AWS Certified Data Engineer – Associate (DEA-C01) — Question 37
A data engineer is using Amazon Athena to analyze sales data that is in Amazon S3. The data engineer writes a query to retrieve sales amounts for 2023 for several products from a table named sales_data. However, the query does not return results for all of the products that are in the sales_data table. The data engineer needs to troubleshoot the query to resolve the issue.
The data engineer's original query is as follows:
SELECT product_name, sum(sales_amount)
FROM sales_data -
WHERE year = 2023 -
GROUP BY product_name -
How should the data engineer modify the Athena query to meet these requirements?
Answer options
- A. Replace sum(sales_amount) with count(*) for the aggregation.

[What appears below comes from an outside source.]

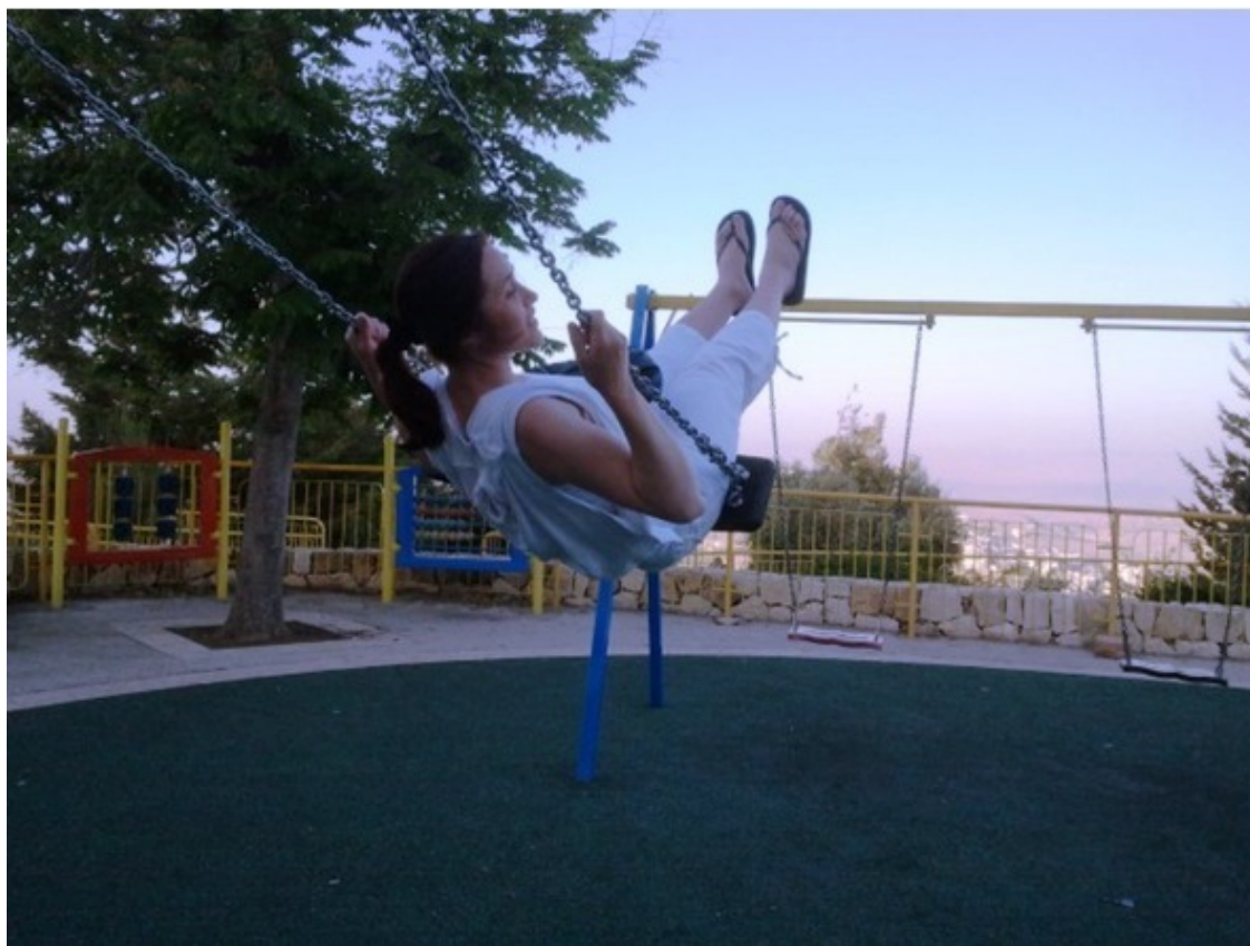
Это Ласточка в свободном полёте...

- B. Change WHERE year = 2023 to WHERE extract(year FROM sales_data) = 2023.
- C. Add HAVING sum(sales_amount) > 0 after the GROUP BY clause.
- D. Remove the GROUP BY clause.
Correct answer: B
Explanation
The correct answer is B because using the extract function allows the query to properly filter the year from the sales data. The other options do not address the problem effectively; A changes the aggregation type, C adds a condition after grouping which might not help if there are no sales, and D would remove the grouping altogether, leading to aggregated results that do not separate by product.